Rhea mengangkat bahu, masih tidak terlalu tertarik. "Padahal aku juga perempuan, tapi nggak terlalu suka hal-hal kayak gini."

Sambil terkekeh, ibunya menoleh padanya dan berkata, "Mungkin karena kamu perempuan yang tomboy. Jadi nggak terlalu nyambung dengan drama percintaan seperti ini."

Rhea, dengan nada sedikit kesal, merespons, "Apa hubungannya sama aku yang tomboy, sih?"

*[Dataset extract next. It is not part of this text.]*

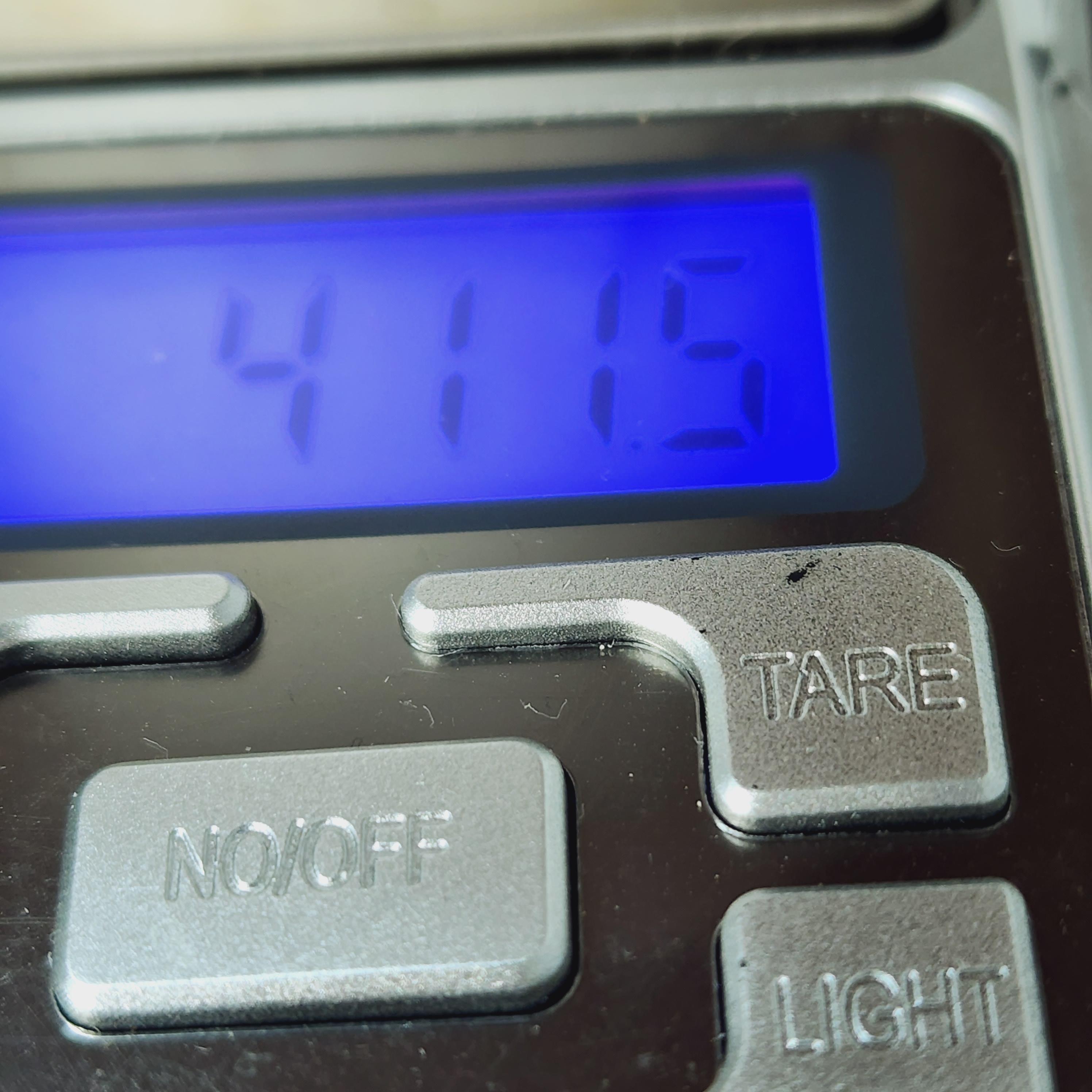 포장해온 그릇째로, 뚜껑은 제외한채로 무게를 재보니 411.5g이 나왔다.

Percakapan mereka terus berlanjut dengan ringan, dan saat adegan di drama menunjukkan karakter utama yang pergi berpetualang jauh untuk menemukan kekasihnya, Rhea tiba-tiba merasa tergerak untuk bertanya.

"Ibu, pernah nggak sih berpetualang kayak gitu? Pergi jauh dengan tujuan yang jelas?"

Ibunya menatap layar sebentar sebelum menjawab, "Dulu waktu ibu masih muda, mungkin tidak seperti di drama, tapi ibu pernah melakukan perjalanan jauh, mencari jati diri, mencari tempat yang membuat ibu merasa nyaman."

Rhea mendengarkan dengan seksama, merasa sedikit terinspirasi. "Kalau suatu hari aku pergi berpetualang seperti itu, aku akan pergi dengan tujuan. Tapi mungkin bukan mencari seseorang, lebih kepada mencari sesuatu yang lebih besar. Sesuatu yang penting untukku."

Ibunya menatap Rhea dengan senyum bangga, seolah melihat secercah kedewasaan pada putrinya. "Ibu yakin apapun tujuanmu, Rhea, kamu akan mencapainya dengan caramu sendiri."

Rhea mengangguk, meski tak sepenuhnya tahu apa yang ia cari, ada perasaan dalam dirinya bahwa petualangan besar memang menantinya di masa depan.